[Records from a data source]
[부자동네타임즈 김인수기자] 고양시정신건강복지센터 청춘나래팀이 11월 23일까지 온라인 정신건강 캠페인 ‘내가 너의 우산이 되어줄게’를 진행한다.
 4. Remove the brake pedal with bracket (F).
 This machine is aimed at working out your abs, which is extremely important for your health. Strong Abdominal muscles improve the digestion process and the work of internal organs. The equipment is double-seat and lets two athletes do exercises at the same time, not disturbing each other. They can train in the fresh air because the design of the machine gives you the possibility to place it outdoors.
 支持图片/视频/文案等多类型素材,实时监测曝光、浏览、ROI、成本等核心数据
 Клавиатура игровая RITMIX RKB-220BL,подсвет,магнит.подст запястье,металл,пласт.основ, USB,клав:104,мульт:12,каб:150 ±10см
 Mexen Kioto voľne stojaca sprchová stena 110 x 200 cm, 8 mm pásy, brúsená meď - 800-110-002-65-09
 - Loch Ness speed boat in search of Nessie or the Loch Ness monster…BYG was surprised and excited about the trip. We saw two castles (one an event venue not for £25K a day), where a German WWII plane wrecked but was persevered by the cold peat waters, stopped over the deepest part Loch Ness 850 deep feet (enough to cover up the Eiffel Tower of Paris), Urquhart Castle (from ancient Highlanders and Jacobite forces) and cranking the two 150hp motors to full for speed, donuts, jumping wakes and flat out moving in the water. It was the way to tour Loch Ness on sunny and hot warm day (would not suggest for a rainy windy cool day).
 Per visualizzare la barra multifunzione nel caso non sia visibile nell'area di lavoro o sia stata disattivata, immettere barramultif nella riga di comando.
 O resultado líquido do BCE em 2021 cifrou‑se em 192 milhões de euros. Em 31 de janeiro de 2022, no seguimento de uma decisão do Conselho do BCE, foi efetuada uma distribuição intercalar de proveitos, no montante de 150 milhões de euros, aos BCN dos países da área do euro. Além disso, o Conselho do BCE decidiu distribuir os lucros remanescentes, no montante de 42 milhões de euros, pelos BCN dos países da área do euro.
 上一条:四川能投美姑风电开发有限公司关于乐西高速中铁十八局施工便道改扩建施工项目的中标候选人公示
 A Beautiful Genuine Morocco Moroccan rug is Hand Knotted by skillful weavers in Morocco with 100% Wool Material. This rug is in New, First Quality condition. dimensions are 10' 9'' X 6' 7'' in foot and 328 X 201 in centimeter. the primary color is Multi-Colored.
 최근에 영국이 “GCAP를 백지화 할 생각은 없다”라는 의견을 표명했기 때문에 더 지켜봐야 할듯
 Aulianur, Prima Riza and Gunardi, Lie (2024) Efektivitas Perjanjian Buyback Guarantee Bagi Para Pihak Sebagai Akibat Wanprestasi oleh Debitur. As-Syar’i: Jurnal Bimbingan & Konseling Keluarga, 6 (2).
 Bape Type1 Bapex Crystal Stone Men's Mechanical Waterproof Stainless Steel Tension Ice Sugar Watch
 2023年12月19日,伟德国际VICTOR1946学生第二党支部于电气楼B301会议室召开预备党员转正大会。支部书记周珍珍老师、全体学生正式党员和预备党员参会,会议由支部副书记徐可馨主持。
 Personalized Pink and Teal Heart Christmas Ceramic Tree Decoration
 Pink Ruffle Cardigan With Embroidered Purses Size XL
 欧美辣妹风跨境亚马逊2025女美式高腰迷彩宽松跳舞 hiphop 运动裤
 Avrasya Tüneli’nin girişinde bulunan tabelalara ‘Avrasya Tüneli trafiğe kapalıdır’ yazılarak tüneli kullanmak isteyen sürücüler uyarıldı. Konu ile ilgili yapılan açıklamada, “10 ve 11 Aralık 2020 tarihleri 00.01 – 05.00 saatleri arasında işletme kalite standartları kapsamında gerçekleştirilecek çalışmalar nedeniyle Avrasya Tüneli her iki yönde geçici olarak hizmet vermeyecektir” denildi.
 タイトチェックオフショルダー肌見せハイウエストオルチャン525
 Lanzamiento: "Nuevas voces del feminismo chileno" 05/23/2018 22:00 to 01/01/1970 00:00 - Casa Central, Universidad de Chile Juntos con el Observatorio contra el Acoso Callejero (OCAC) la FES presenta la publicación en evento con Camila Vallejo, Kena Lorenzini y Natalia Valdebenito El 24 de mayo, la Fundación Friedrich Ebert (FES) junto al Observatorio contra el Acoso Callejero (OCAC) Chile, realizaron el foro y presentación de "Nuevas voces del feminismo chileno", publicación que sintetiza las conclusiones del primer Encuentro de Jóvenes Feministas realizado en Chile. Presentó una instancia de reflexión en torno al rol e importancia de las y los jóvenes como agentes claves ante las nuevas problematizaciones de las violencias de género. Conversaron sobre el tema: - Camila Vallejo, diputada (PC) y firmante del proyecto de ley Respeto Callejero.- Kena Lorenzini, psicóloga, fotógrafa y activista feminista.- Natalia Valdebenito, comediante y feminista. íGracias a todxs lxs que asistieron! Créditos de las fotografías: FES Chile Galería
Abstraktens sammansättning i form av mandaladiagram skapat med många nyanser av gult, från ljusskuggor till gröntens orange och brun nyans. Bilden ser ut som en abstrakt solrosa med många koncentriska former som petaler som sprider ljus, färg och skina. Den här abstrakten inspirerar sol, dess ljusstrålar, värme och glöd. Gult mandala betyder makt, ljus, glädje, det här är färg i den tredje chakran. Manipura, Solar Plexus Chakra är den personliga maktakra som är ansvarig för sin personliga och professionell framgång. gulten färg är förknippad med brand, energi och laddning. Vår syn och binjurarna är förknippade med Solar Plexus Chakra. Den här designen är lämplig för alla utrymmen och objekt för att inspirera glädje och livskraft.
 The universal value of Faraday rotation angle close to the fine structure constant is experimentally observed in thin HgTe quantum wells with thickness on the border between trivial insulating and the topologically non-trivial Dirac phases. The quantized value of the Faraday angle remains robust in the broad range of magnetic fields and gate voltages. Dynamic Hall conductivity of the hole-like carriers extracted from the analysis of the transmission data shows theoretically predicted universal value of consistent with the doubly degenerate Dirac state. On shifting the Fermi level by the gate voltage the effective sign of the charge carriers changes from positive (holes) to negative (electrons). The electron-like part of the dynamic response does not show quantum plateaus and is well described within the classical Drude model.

● About this task: Copy every entry exactly; no part may be left out.

● The answer:
[부자동네타임즈 김인수기자] 고양시정신건강복지센터 청춘나래팀이 11월 23일까지 온라인 정신건강 캠페인 ‘내가 너의 우산이 되어줄게’를 진행한다.
 4. Remove the brake pedal with bracket (F).
 This machine is aimed at working out your abs, which is extremely important for your health. Strong Abdominal muscles improve the digestion process and the work of internal organs. The equipment is double-seat and lets two athletes do exercises at the same time, not disturbing each other. They can train in the fresh air because the design of the machine gives you the possibility to place it outdoors.
 支持图片/视频/文案等多类型素材,实时监测曝光、浏览、ROI、成本等核心数据
 Клавиатура игровая RITMIX RKB-220BL,подсвет,магнит.подст запястье,металл,пласт.основ, USB,клав:104,мульт:12,каб:150 ±10см
 Mexen Kioto voľne stojaca sprchová stena 110 x 200 cm, 8 mm pásy, brúsená meď - 800-110-002-65-09
 - Loch Ness speed boat in search of Nessie or the Loch Ness monster…BYG was surprised and excited about the trip. We saw two castles (one an event venue not for £25K a day), where a German WWII plane wrecked but was persevered by the cold peat waters, stopped over the deepest part Loch Ness 850 deep feet (enough to cover up the Eiffel Tower of Paris), Urquhart Castle (from ancient Highlanders and Jacobite forces) and cranking the two 150hp motors to full for speed, donuts, jumping wakes and flat out moving in the water. It was the way to tour Loch Ness on sunny and hot warm day (would not suggest for a rainy windy cool day).
 Per visualizzare la barra multifunzione nel caso non sia visibile nell'area di lavoro o sia stata disattivata, immettere barramultif nella riga di comando.
 O resultado líquido do BCE em 2021 cifrou‑se em 192 milhões de euros. Em 31 de janeiro de 2022, no seguimento de uma decisão do Conselho do BCE, foi efetuada uma distribuição intercalar de proveitos, no montante de 150 milhões de euros, aos BCN dos países da área do euro. Além disso, o Conselho do BCE decidiu distribuir os lucros remanescentes, no montante de 42 milhões de euros, pelos BCN dos países da área do euro.
 上一条:四川能投美姑风电开发有限公司关于乐西高速中铁十八局施工便道改扩建施工项目的中标候选人公示
 A Beautiful Genuine Morocco Moroccan rug is Hand Knotted by skillful weavers in Morocco with 100% Wool Material. This rug is in New, First Quality condition. dimensions are 10' 9'' X 6' 7'' in foot and 328 X 201 in centimeter. the primary color is Multi-Colored.
 최근에 영국이 “GCAP를 백지화 할 생각은 없다”라는 의견을 표명했기 때문에 더 지켜봐야 할듯
 Aulianur, Prima Riza and Gunardi, Lie (2024) Efektivitas Perjanjian Buyback Guarantee Bagi Para Pihak Sebagai Akibat Wanprestasi oleh Debitur. As-Syar’i: Jurnal Bimbingan & Konseling Keluarga, 6 (2).
 Bape Type1 Bapex Crystal Stone Men's Mechanical Waterproof Stainless Steel Tension Ice Sugar Watch
 2023年12月19日,伟德国际VICTOR1946学生第二党支部于电气楼B301会议室召开预备党员转正大会。支部书记周珍珍老师、全体学生正式党员和预备党员参会,会议由支部副书记徐可馨主持。
 Personalized Pink and Teal Heart Christmas Ceramic Tree Decoration
 Pink Ruffle Cardigan With Embroidered Purses Size XL
 欧美辣妹风跨境亚马逊2025女美式高腰迷彩宽松跳舞 hiphop 运动裤
 Avrasya Tüneli’nin girişinde bulunan tabelalara ‘Avrasya Tüneli trafiğe kapalıdır’ yazılarak tüneli kullanmak isteyen sürücüler uyarıldı. Konu ile ilgili yapılan açıklamada, “10 ve 11 Aralık 2020 tarihleri 00.01 – 05.00 saatleri arasında işletme kalite standartları kapsamında gerçekleştirilecek çalışmalar nedeniyle Avrasya Tüneli her iki yönde geçici olarak hizmet vermeyecektir” denildi.
 タイトチェックオフショルダー肌見せハイウエストオルチャン525
 Lanzamiento: "Nuevas voces del feminismo chileno" 05/23/2018 22:00 to 01/01/1970 00:00 - Casa Central, Universidad de Chile Juntos con el Observatorio contra el Acoso Callejero (OCAC) la FES presenta la publicación en evento con Camila Vallejo, Kena Lorenzini y Natalia Valdebenito El 24 de mayo, la Fundación Friedrich Ebert (FES) junto al Observatorio contra el Acoso Callejero (OCAC) Chile, realizaron el foro y presentación de "Nuevas voces del feminismo chileno", publicación que sintetiza las conclusiones del primer Encuentro de Jóvenes Feministas realizado en Chile. Presentó una instancia de reflexión en torno al rol e importancia de las y los jóvenes como agentes claves ante las nuevas problematizaciones de las violencias de género. Conversaron sobre el tema: - Camila Vallejo, diputada (PC) y firmante del proyecto de ley Respeto Callejero.- Kena Lorenzini, psicóloga, fotógrafa y activista feminista.- Natalia Valdebenito, comediante y feminista. íGracias a todxs lxs que asistieron! Créditos de las fotografías: FES Chile Galería
Abstraktens sammansättning i form av mandaladiagram skapat med många nyanser av gult, från ljusskuggor till gröntens orange och brun nyans. Bilden ser ut som en abstrakt solrosa med många koncentriska former som petaler som sprider ljus, färg och skina. Den här abstrakten inspirerar sol, dess ljusstrålar, värme och glöd. Gult mandala betyder makt, ljus, glädje, det här är färg i den tredje chakran. Manipura, Solar Plexus Chakra är den personliga maktakra som är ansvarig för sin personliga och professionell framgång. gulten färg är förknippad med brand, energi och laddning. Vår syn och binjurarna är förknippade med Solar Plexus Chakra. Den här designen är lämplig för alla utrymmen och objekt för att inspirera glädje och livskraft.
 The universal value of Faraday rotation angle close to the fine structure constant is experimentally observed in thin HgTe quantum wells with thickness on the border between trivial insulating and the topologically non-trivial Dirac phases. The quantized value of the Faraday angle remains robust in the broad range of magnetic fields and gate voltages. Dynamic Hall conductivity of the hole-like carriers extracted from the analysis of the transmission data shows theoretically predicted universal value of consistent with the doubly degenerate Dirac state. On shifting the Fermi level by the gate voltage the effective sign of the charge carriers changes from positive (holes) to negative (electrons). The electron-like part of the dynamic response does not show quantum plateaus and is well described within the classical Drude model.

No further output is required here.